ABOUT THIS TASK ▸ Give the listing again word for word. Leave every image out.

INPUT DATA ▸
-------------------------
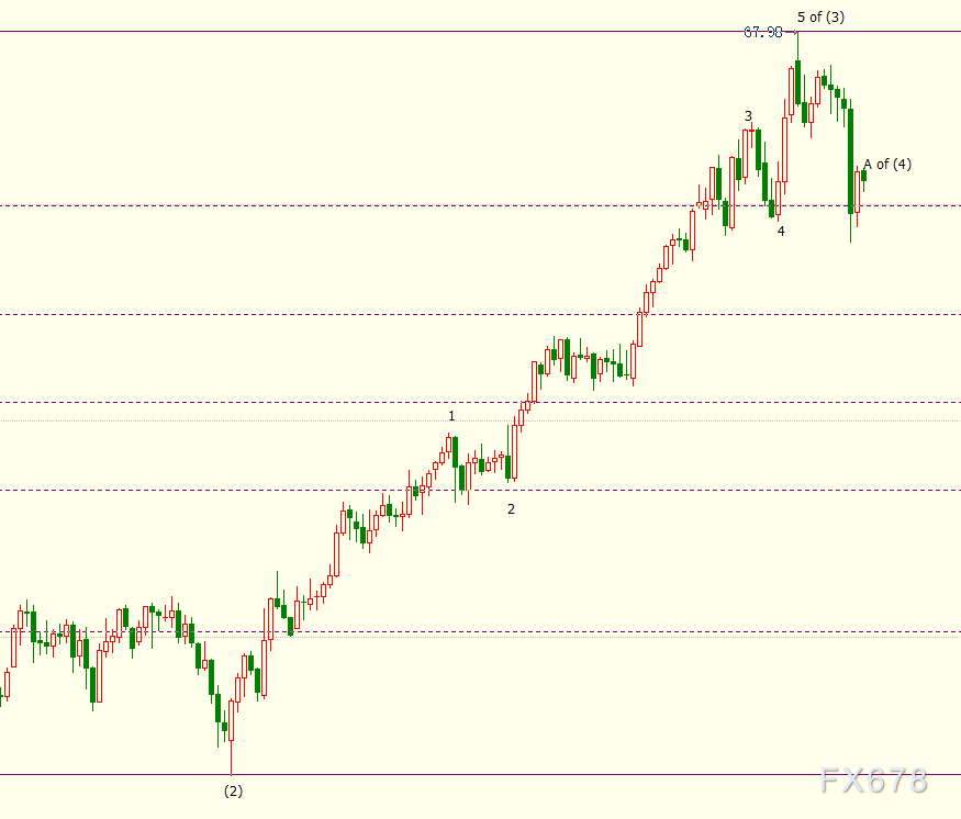 日线图上看,NYMEX原油已在67.98美元开启回调(4)浪走势,(4)浪料呈现ABC三子浪形态。A浪料跌向54.88美元,它是自33.64美元开启的上行(3)浪走势的38.2%斐波那契回档位。
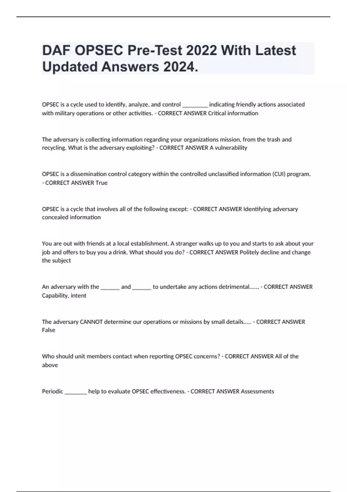 *DAF OPSEC pre-test Questions and Answers Latest Update Fully *
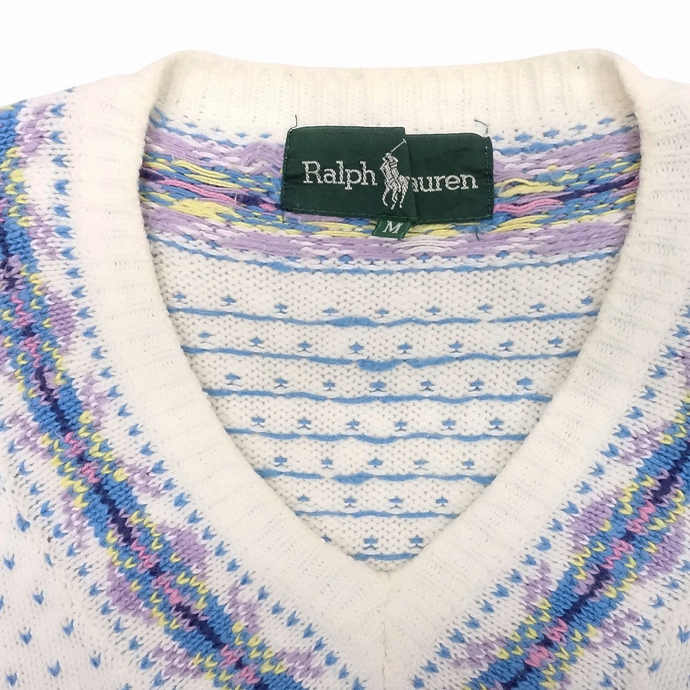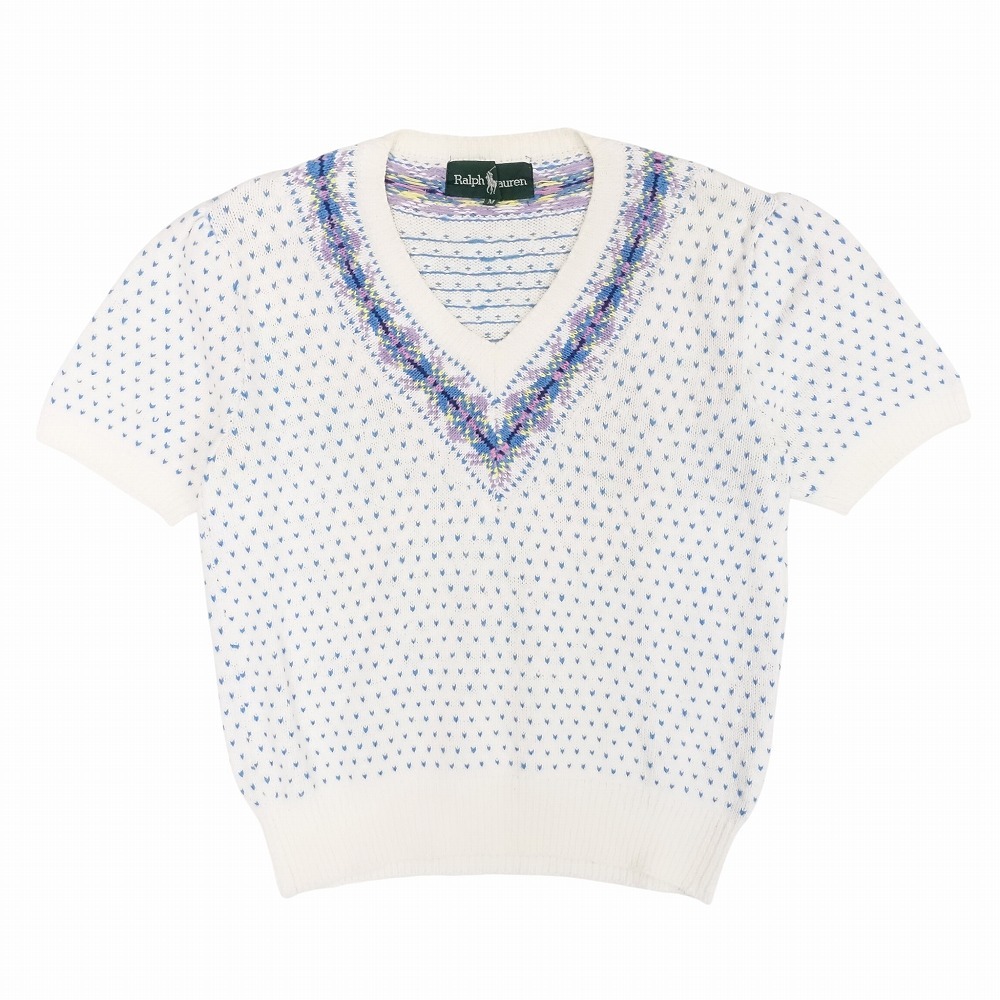 | 【80s Vintage Ralph Lauren ラルフローレン バーズアイ柄 ニット セーター Vネック 半袖 トップス M 白 レディース】 | |
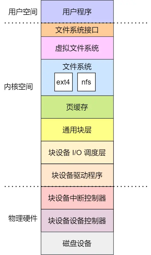 - 文件系统层,包括虚拟文件系统和其他文件系统的具体实现,它向上为应用程序统一提供了标准的文件访问接口,向下会通过通用块层来存储和管理磁盘数据。
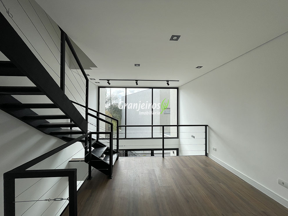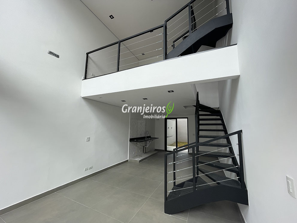 LOFT TRIPLEX MODERNO, COM EXCELENTE ACABAMENTO. O Condomínio GRAN LOFT é o lugar certo para quem quer viver, trabalhar e socializar. Localizado no coração da Granja Viana, com acesso fácil ao melhor da região. Os Moradores do GRAN LOFT tem acesso de pedestre interno exclusivo e direto ao GRAN JARDIM. Centro comercial charmoso e completo, com restaurantes, café, clínicas e lojas a menos de 1 minuto a pé. A unidade possui no piso térreo, living para 2 ambientes, cozinha integrada, lavabo e área para churrasqueira com pia, bancada e jardim. No piso intermediário, conta com espaço para escritório e 1 suíte. 3º piso com suíte master, varanda e vista. Garagem no subsolo para 2 vagas.
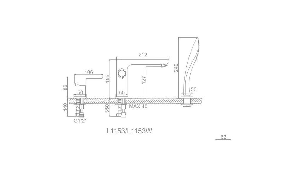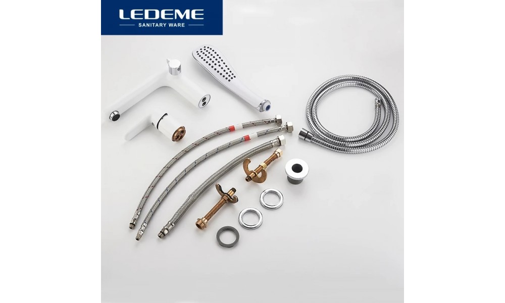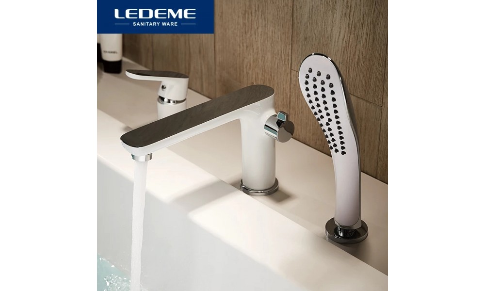 Смеситель на борт ванны 3в1 Ledeme L1153W комбинированный Белый/Хром
-------------------------
SOLUTION FOR THIS PROBLEM ▸
 日线图上看,NYMEX原油已在67.98美元开启回调(4)浪走势,(4)浪料呈现ABC三子浪形态。A浪料跌向54.88美元,它是自33.64美元开启的上行(3)浪走势的38.2%斐波那契回档位。
 *DAF OPSEC pre-test Questions and Answers Latest Update Fully *
 | 【80s Vintage Ralph Lauren ラルフローレン バーズアイ柄 ニット セーター Vネック 半袖 トップス M 白 レディース】 | |
 - 文件系统层,包括虚拟文件系统和其他文件系统的具体实现,它向上为应用程序统一提供了标准的文件访问接口,向下会通过通用块层来存储和管理磁盘数据。
 LOFT TRIPLEX MODERNO, COM EXCELENTE ACABAMENTO. O Condomínio GRAN LOFT é o lugar certo para quem quer viver, trabalhar e socializar. Localizado no coração da Granja Viana, com acesso fácil ao melhor da região. Os Moradores do GRAN LOFT tem acesso de pedestre interno exclusivo e direto ao GRAN JARDIM. Centro comercial charmoso e completo, com restaurantes, café, clínicas e lojas a menos de 1 minuto a pé. A unidade possui no piso térreo, living para 2 ambientes, cozinha integrada, lavabo e área para churrasqueira com pia, bancada e jardim. No piso intermediário, conta com espaço para escritório e 1 suíte. 3º piso com suíte master, varanda e vista. Garagem no subsolo para 2 vagas.
 Смеситель на борт ванны 3в1 Ledeme L1153W комбинированный Белый/Хром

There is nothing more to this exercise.